When the pandemic hit, Strings found himself sidelined for the first time ever in his career, but that didn’t last long. In April, he performed a number of at-home pay-per-view concerts through Nugs, which sold 8,900 tickets. He then did nine streaming concerts at a handful of venues in Nashville, opening with two nights at the new Brooklyn Bowl followed by two nights each at the Station Inn, City Winery and Exit/In and one night at 3rd and Lindsley.
“We had a ton of interest from the venues but ultimately played the clubs that had the best internet,” joked manager Bill Orner. “We did about 21,000 paid over nine nights (tickets were $9.99 each) and we had a pretty robust merchandise piece. We sold out of almost everything, it was basically just posters and t-shirts and everything was gone.”
After the streaming tour, Strings launched the “Meet Me At the Drive In” tour in September, playing three nights at the Mohegan Sun Arena in Wilkes Barre, Penn. at the invitation of arena GM Will Beekman. Strings followed with streaming concerts for Nugs at Red Rocks in Denver and the Ryman in Nashville before revisiting a pact he made with Shapiro a year earlier.
The idea was for Strings to honor the 50th anniversary of the Grateful Dead’s ESP Experiments series, a six-show run in March 1971 where audience members, led by Dr. Stanley Krippner from Northwestern University, attempted to send psychic messages about the show to telepathic receivers, including Woodstock opener Richie Havens.
“We got the holds, brainstormed a little bit and then the world fell apart,” Orner said of the original plan for the 50th anniversary show. “And then Shapiro hit me sometime over the summer and was like, ‘Hey, you still into this?’ And I said, ‘Oh, a hundred percent.'”
Strings’ re-creation of the experiment was less formal, with an adjusted hypothesis that “concerts in the age of streaming beg fans to transport their mind and to feel connected to a live performance when we cannot physically be together,” which gives the collective mind the “the power to tap into extrasensory perception and manifest connection.”
Tickets were $20 in advance, $25 day of show and $60 for all four shows. Special guests like musician Oteil Burbridge from Dead & Company, Widespread Panic‘s Dave Schools, Nashville singer Lindsay Lou and Bill Nershi with String Cheese Incident and his wife Jillian Nershi all served as special guest telepathic receivers.
For the six show run at the Capitol Theatre, Strings played 120 songs — including nearly a dozen Dead covers — without any repeats, Orner tells Billboard, The setlist also included tracks like “Lonesome LA Cowboy” by New Riders of the Purple Sage, “Sitting in Limbo” by Jimmy Cliff and “Cold on the Shoulder” by Gordon Lightfoot.
“That’s why this genre has worked so well for streaming,” says Shapiro. “In the jam scene, there’s no two shows that are the same, no two sets that are identical.
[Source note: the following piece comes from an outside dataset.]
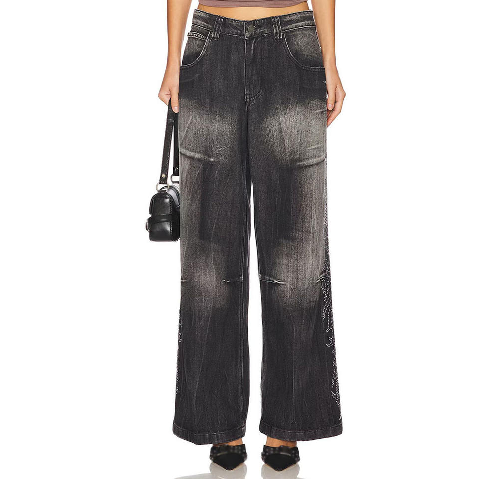 Hip Hop Vintage Washed Baggy Wide Leg Jeans Pants For Women Custom Rhinestones Latest Style Loose Fit Waist Jeans
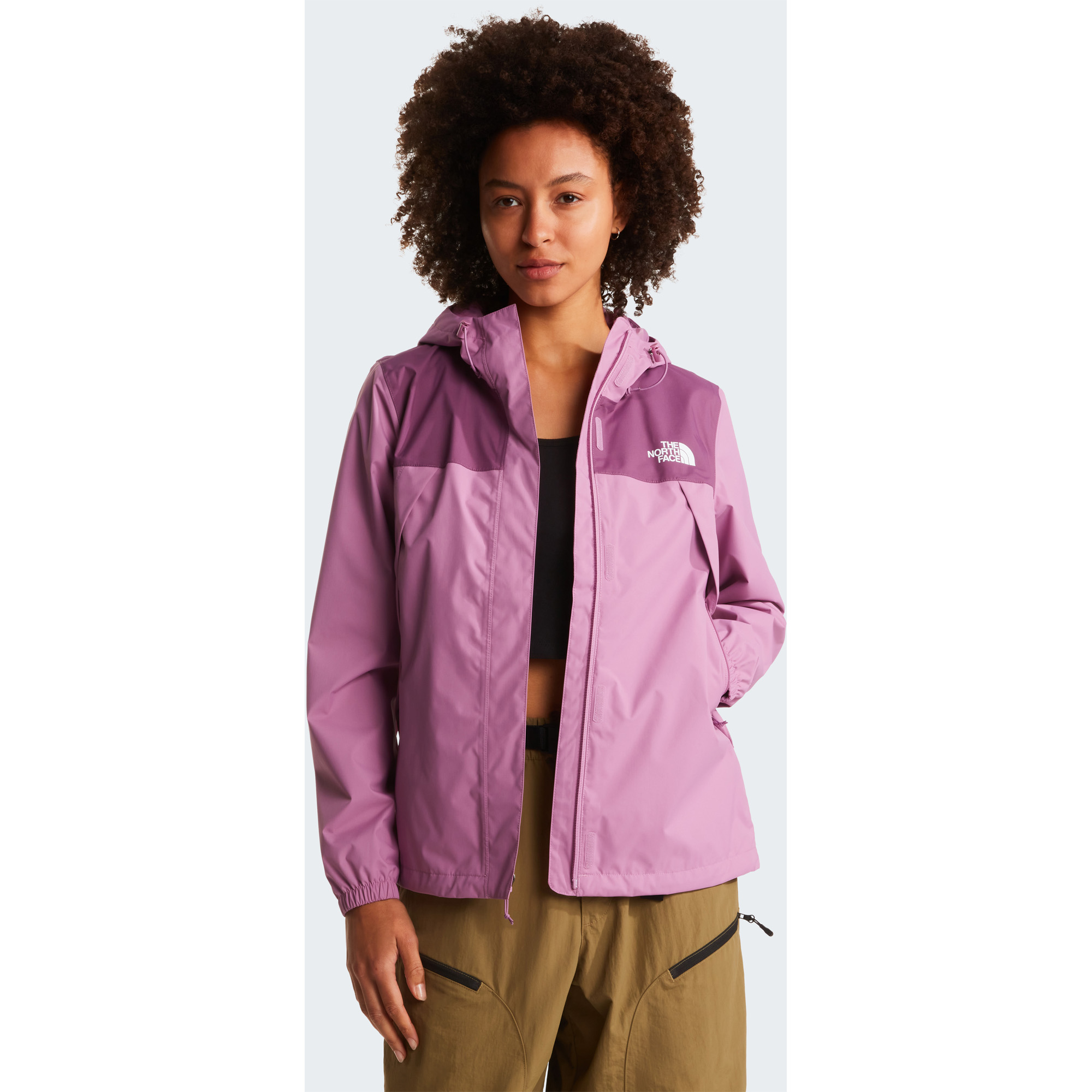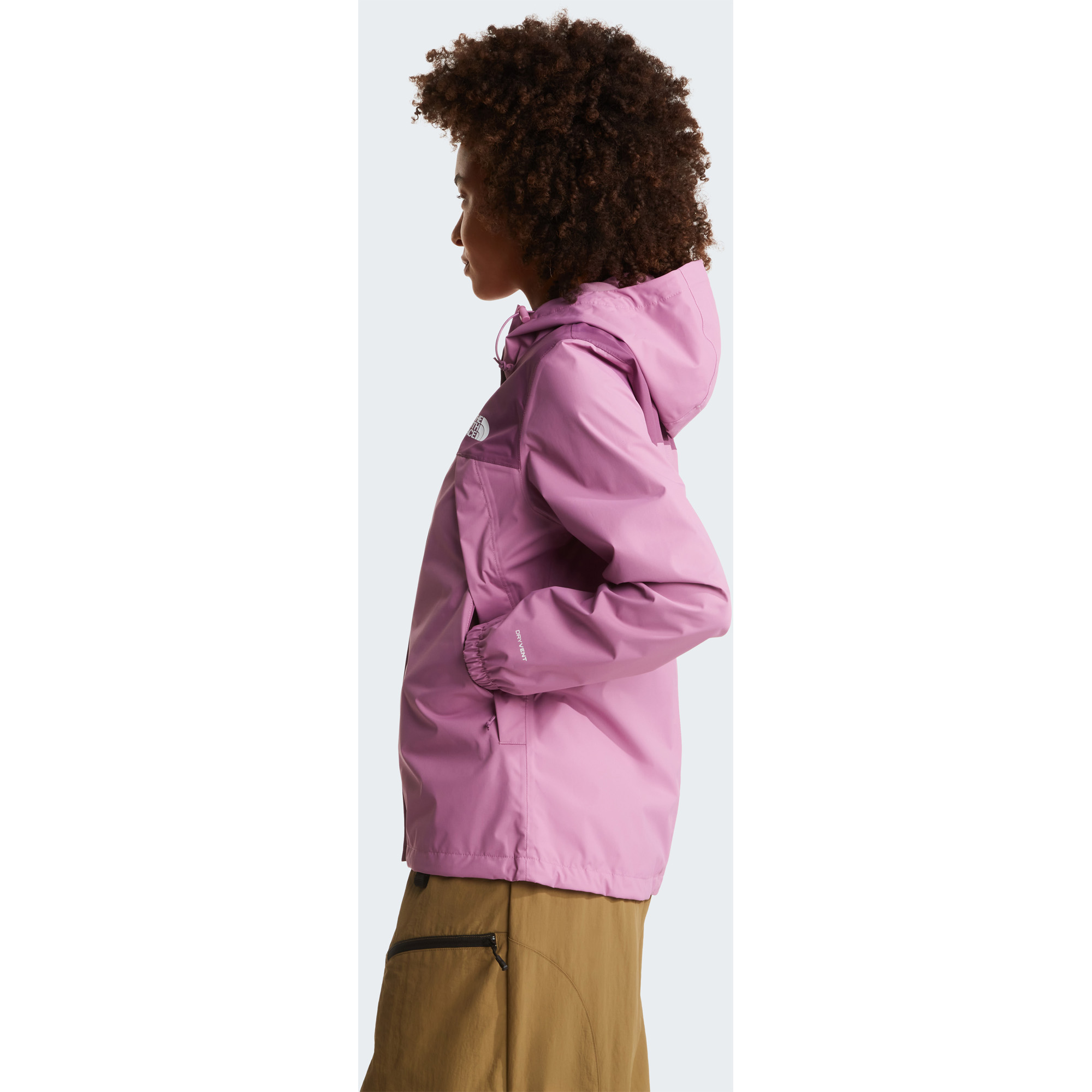 Die Antora Regenjacke für Damen von The North Face bietet zuverlässigen Schutz bei wechselhaftem Wetter und kombiniert funktionale Outdoor-Technologie mit modernem Design. Das wasserdichte, winddichte und atmungsaktive DryVent™-Material mit vollständig versiegelten Nähten hält Regen und Wind effektiv ab, während überschüssige Wärme nach außen entweichen kann, sodass du auch bei aktiven Unternehmungen angenehm trocken und komfortabel bleibst. Das Außenmaterial aus 100 % recyceltem Polyester-Ripstop mit PFC-freier, dauerhaft wasserabweisender DWR-Beschichtung sorgt für zusätzliche Nachhaltigkeit und Schutz vor leichter Feuchtigkeit. Eine angesetzte, dreiteilige und verstellbare Kapuze schützt zuverlässig vor Regen, während eine Windschutzleiste mit Hook-and-Loop-Verschluss den Frontreißverschluss abdeckt und das Eindringen von Nässe verhindert. Sichere Reißverschluss-Handwärmtaschen bieten praktischen Stauraum für wichtige Essentials, während ein elastischer Kordelzug am Saum sowie ein innenliegender elastischer Taillenzug eine individuelle Passform ermöglichen. Der leicht verlängerte Rücken sorgt für zusätzlichen Schutz, während das klassische Logo auf Brust und Schulter den typischen The North Face Look unterstreicht. Ideal für Alltag, Reisen und Outdoor-Aktivitäten bei unbeständigem Wetter.

And fans have been paying [for?] live streams long before the pandemic because they want to see what’s going to happen.”
Next up for Strings are a series of socially-distanced concerts at St. Augustine (Florida) Amphitheater (March 19-21), followed by several streaming shows at Tipitina’s (March 24-25) in New Orleans and then a series of concerts at Columbia Speedway (April 1-4) in South Carolina. Shapiro is also planning a new run of streaming shows for artists including the Hold Steady, replacing their usual “Massive Nights” residency at the Brooklyn Bowl with a streaming performance of their new record tonight on Relix’s Twitch channel, followed by two live pay-per-view shows Friday and Saturday.
“There’s so much being announced out there every day, it’s impossible to keep tabs on everything,” Shapiro tells Billboard. “The only thing we can say with certainty is that the live streaming of shows is here to stay.”